Si è creata una vera e propria distorsione della percezione dello strumento del consenso informato, non solo da parte dei pazienti ma anche dalla prospettiva dei medici.
Proprio al consenso informato, la ricercatrice e docente di antropologia Chiara Quagliariello ha dedicato la seconda parte della sessione sulla comunicazione medica. Quagliariello ha esposto i risultati della sua ricerca antropologica condotta sul campo tra oltre 25 ambulatori e reparti della Città della Salute e della Scienza di Torino. Stando a quanto rilevato, vi è purtroppo una scarsa implementazione della reale funzione del consenso informato, quale procedura volta all’accrescimento dell’alleanza medico-paziente. La conclusione a cui è arrivata, piuttosto, è che si è creata una vera e propria distorsione della percezione di questo strumento, non solo da parte dei pazienti ma anche dalla prospettiva dei medici.
Ciò che è emerso, ha spiegato Quagliariello, è che la messa in atto di percorsi informativi chiari ed esaustivi è limitata da diversi elementi, tra tutti: i ritmi lavorativi, la frammentazione del processo informativo connessa al sistema dei turni ospedalieri e la mancanza di spazi dedicati al dialogo. Il problema principale, tuttavia, è che gli strumenti a disposizione dei medici per la raccolta del consenso si basano sostanzialmente su modulistiche lunghe e dal linguaggio tecnico, burocratico e giurisprudenziale. La comunicazione orale, poi, diventa a sua volta oggettivizzante, svuotata nell’empatia dalla proliferazione di dati e numeri. E il medico spesso si autoassolve dal compito comunicativo delegando lo psicologo all’ascolto attivo.
Altro elemento importante rilevato, inoltre, è una diversa comunicazione in base al profilo del paziente: il suo livello di istruzione, l’appartenenza di classe, le reti di conoscenza personale, il Paese di provenienza. Tutto ciò, ha spiegato, concorre a un trattamento differenziale.
Dalla prospettiva dei pazienti, invece, Quagliariello ha dapprima evidenziato come l’interazione medico paziente non sia quasi mai una relazione a due. Piuttosto, si tratta di una relazione plurale a geometria variabile, in cui interagiscono équipe mediche e nuclei familiari. Il coinvolgimento di altri soggetti crea – invece delle alleanze medico-paziente – le alleanze medico-parente, tanto che le decisioni spesso sono di coppia, familiari, e solo raramente individuali.
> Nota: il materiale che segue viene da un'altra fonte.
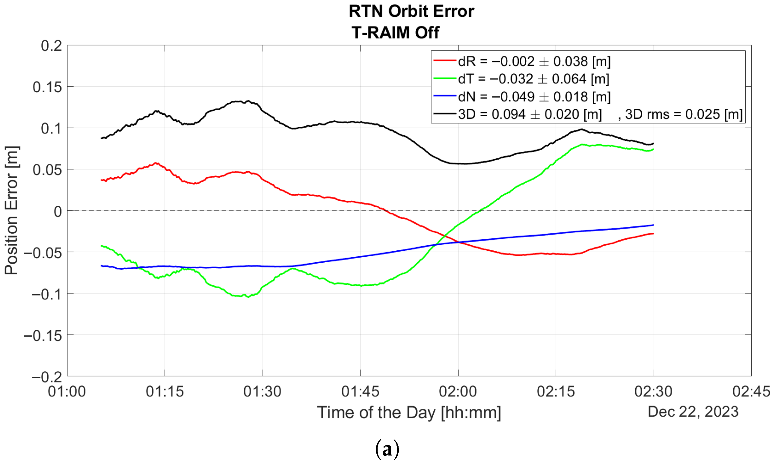 Figure 7 illustrates the time evolution of orbit error over the entire test duration, calculated in the Radial, Transverse, and Normal (RTN) reference frame with T-RAIM disabled. The figure highlights the P2OD solution’s divergence when one or more PR errors are present. The first hour is excluded from all P2OD plots to bypass the initial convergence phase, focusing instead on nominal operating conditions of the LEO-PNT payload.

I pazienti, in più, continuano a preferire un atteggiamento delegativo e di affidamento completo, piuttosto che partecipato. Le procedure di consenso informato sono considerate soprattutto come formalità amministrative, senza favorire maggiore scambio con i medici. Anzi, talvolta l’idea è che lo scopo sia quello di evitare rogne legali. Non sorprende che tale opinione sia condivisa anche dal personale medico, che considera tali procedure come imposizioni giuridiche che si accumulano ad altri impegni, e che costringono a dettagliate prove documentaristiche finalizzate a evitare questioni legali.
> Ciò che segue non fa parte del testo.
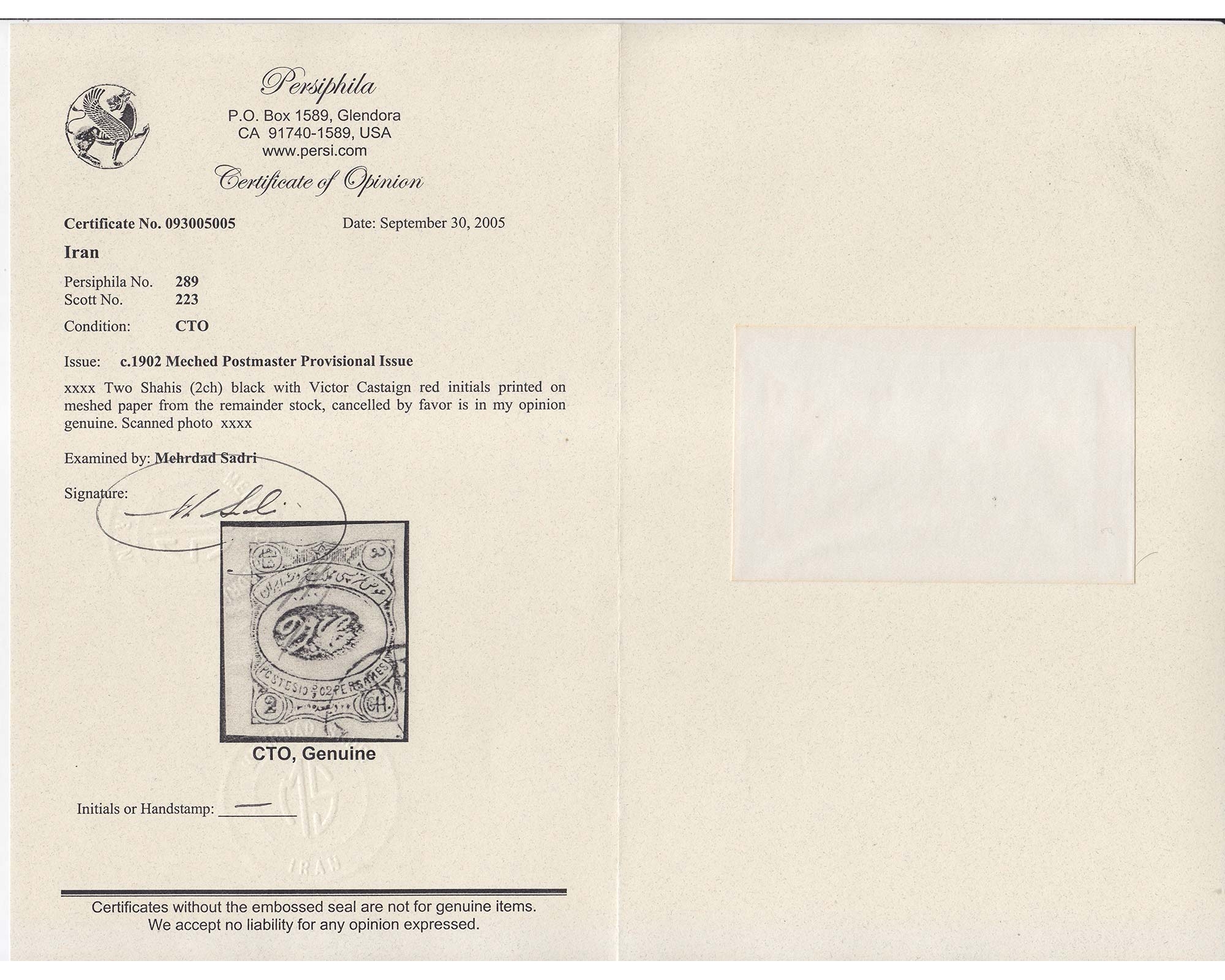 1902 5 Chahi Violet Meshed Issue Signed by Mr. Sadri

Secondo Quagliariello, le soluzioni non possono che essere strutturali: maggiori investimenti rivolti alla comunicazione del personale medico; un ripensamento delle condizioni materiali in cui operano i professionisti; un’implementazione del lavoro di rete tra le varie categorie; e, soprattutto, l’educazione dei pazienti al valore del consenso informato. L’alternativa, ha concluso, ci spedirà dritti verso lo stampo statunitense, in cui i soldi verranno ugualmente sborsati, ma tra assicurazioni e spese legali.